Three players were injured in the attack – not that you would have guessed from the Egyptian newspapers the next morning. All blamed the Algerians, accusing the team of smashing the windows of their bus in the hope of securing a cancellation.

On the day of the match, Algeria fans had to be escorted under a hail of rocks and insults. “They threw stones at us and gave us the finger,” recalled Attef Al Akhas, an Algeria fan based in Cairo who had travelled under convoy. His friends eagerly showed videos on their mobile phones of their vehicle being attacked minutes earlier. Others displayed cuts and bruises from flying glass. “Not all Egyptian fans are like this,” he added. “It’s the kids really.”

By kick-off the Cairo International Stadium was a sea of Egyptian flags and filled with deafening song. The Algerian national anthem was drowned out, the white head bandages of the injured players embarrassingly conspicuous on the big screens. Within a few minutes Amr Zaki had put Egypt ahead, but it was Emad Moteab’s looping header five minutes into injury time that secured the play-off in Sudan. Algeria had been halted just 30 seconds from the finishing line and the Egypt bench stormed the pitch as the crowd exploded in disbelief.
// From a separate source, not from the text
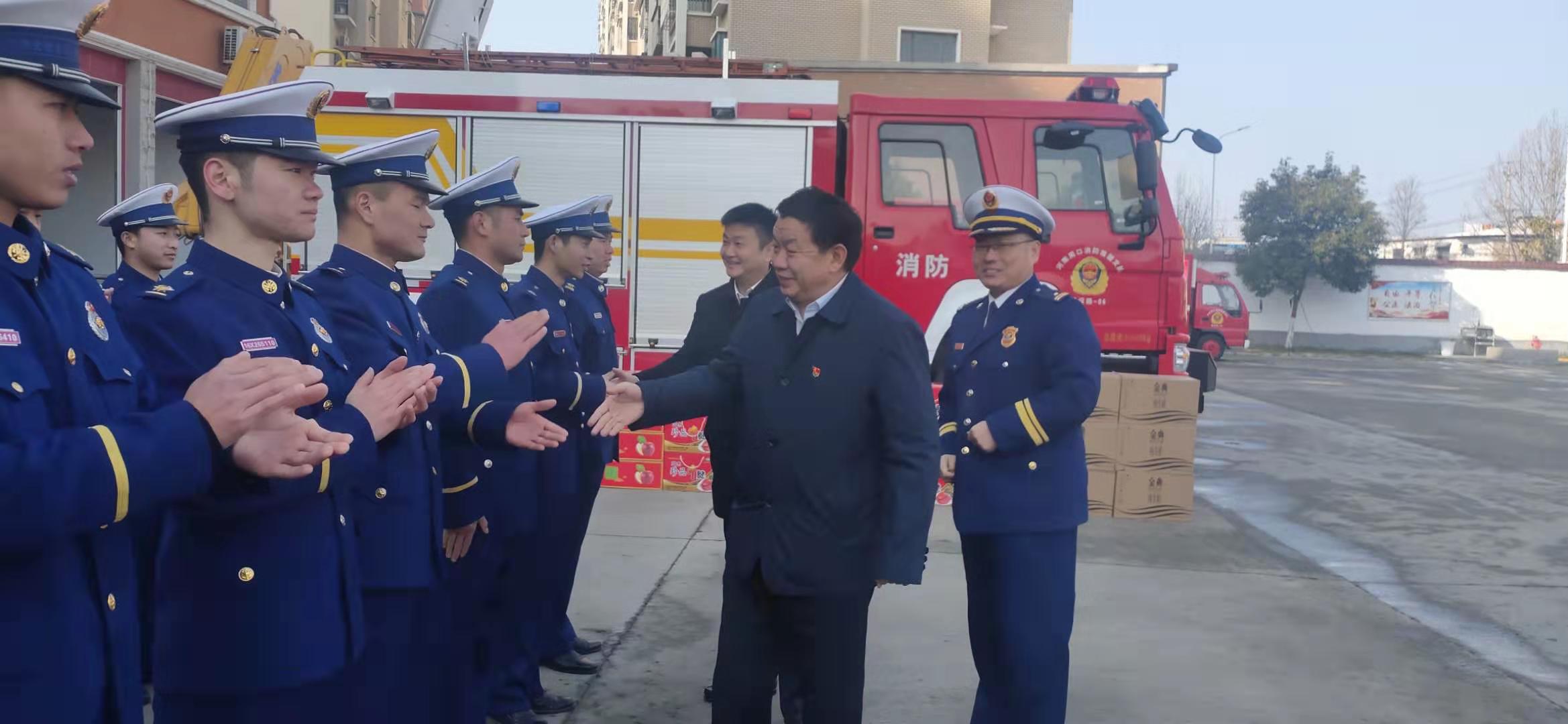 在川匯區(qū)消防救援大隊,李宗喜一行與指戰(zhàn)員們一一握手,并送上節(jié)日的祝福。李湛說,在過去的一年里,消防指戰(zhàn)員牢記使命、履職盡責(zé)、竭誠奉獻,是一支拉得出、沖得上、打得贏的鐵軍隊伍,為保障全區(qū)經(jīng)濟建設(shè)、社會穩(wěn)定和人民生命財產(chǎn)安全做出了突出貢獻。希望大家在新的一年里再接再厲,忠誠履職,為全區(qū)經(jīng)濟社會發(fā)展做出新的更大貢獻。

In happiness, violence followed. The Egyptian government later admitted that 20 Algerians had been injured in the aftermath, while the ripple of discontent spread across the world. On London’s Edgware Road, famous for its Arab cafes, police were called to keep feuding Algeria and Egypt fans apart.
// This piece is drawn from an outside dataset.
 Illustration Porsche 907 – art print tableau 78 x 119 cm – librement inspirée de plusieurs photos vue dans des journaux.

The conditions were ripe for trouble. Unemployment, poverty, corruption and deep unease at Mubarak’s rule have created a frustration at the heart of Egyptian society with few options to release the pressure. But once the authorities had let the genie out of the bottle – and tried to use football to divert attention from its own failings – even the notoriously autocratic security forces couldn’t get it back in.

And the aftermath in Sudan four days later? “The Egyptians…feel humiliated because their team lost, which is symptomatic of Egypt’s wider decline in the Arab world and Africa over the last 20 years or so,” was how The Moor Next Door saw it.

Somehow both Algeria and Egypt managed to deepen the rift of 1989. Now all eyes will be on January’s African Nations Cup in Angola, where they could meet in the knockout stage.

The Egyptian FA has threatened to pull its teams out of international competition and FIFA called an emergency meeting to discuss its punishment for the Algerian team bus attack.

If they meet in Angola, Colonel Gaddafi will no doubt be sitting by the phone, just in case.